Planning Studio:
South Shattuck Area, Berkeley, California
In Spring 2006, CCI Director Heather Hood taught a studio course in city planning in which undergraduate students researched the conditions and created solutions for the city of Berkeley's Shattuck Avenue corridor and neighborhoods between the Ashby BART Station and downtown. Part of the significance and complexity of this district is the varying land uses surrounding it — commercial, mxed-use and single-family housing — and, of course, the BART station adds unique complexity. While it is a throughway to other places as well as a destination, it appears more like the former. The clients were the City of Berkeley's Economic Development Department and Livable Berkeley, a local nonprofit policy organization supporting smart growth.

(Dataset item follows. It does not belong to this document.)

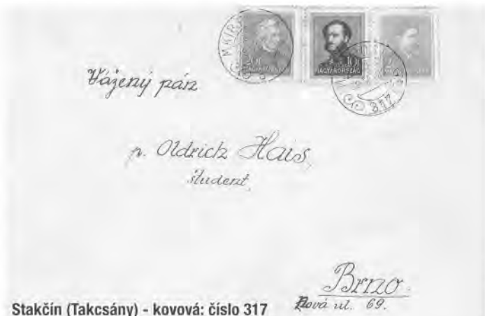
Stakčín (Takcsány) - kovová: číslo 317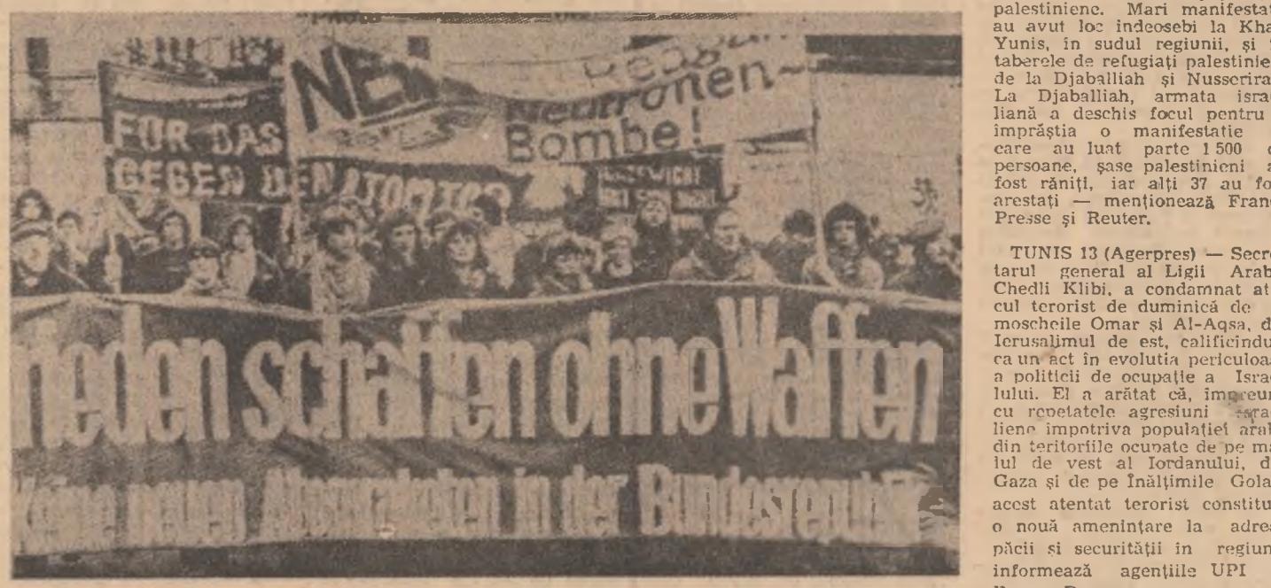
„Măștile” de protest împotriva cursei înarmărilor

Circa 200 noi produse au fost, anul acesta, ameliorate în sensul reducerii consumului energetic, întrucît sectorul de echipament electric și mecanic consumă circa 50 la sută din cărbune, 60 la sută din petrol electric și peste 90 la sută din petrolul folosit de această provincie.

The City Planning 116 course is an intensive studio course that seeks to give students a real-world experience with city planning. By focusing on one physical area, the course helps students learn about the entire range of city planning — physical building and street design issues, social and economic issues, environmental impacts, analysis methods, legal framework, city government, politics, and community dynamics. During the course, students worked in the field and in the studio, undertaking a series of assignments that culminated in the preparation of a series of analysis and proposals for the area. The class grappled with issues such as: How can the Shattuck corridor comfortably merge the varying surrounding uses and become a welcoming gateway to downtown Berkeley? How big should buildings be allowed to be? How should the city balance the strong need for housing with the impacts on the single-family home neighborhoods to the east and west? How does one create a pleasant character at the street level that encourages walking on this heavy traffic corridor? And how should the city government set standards for the private sector?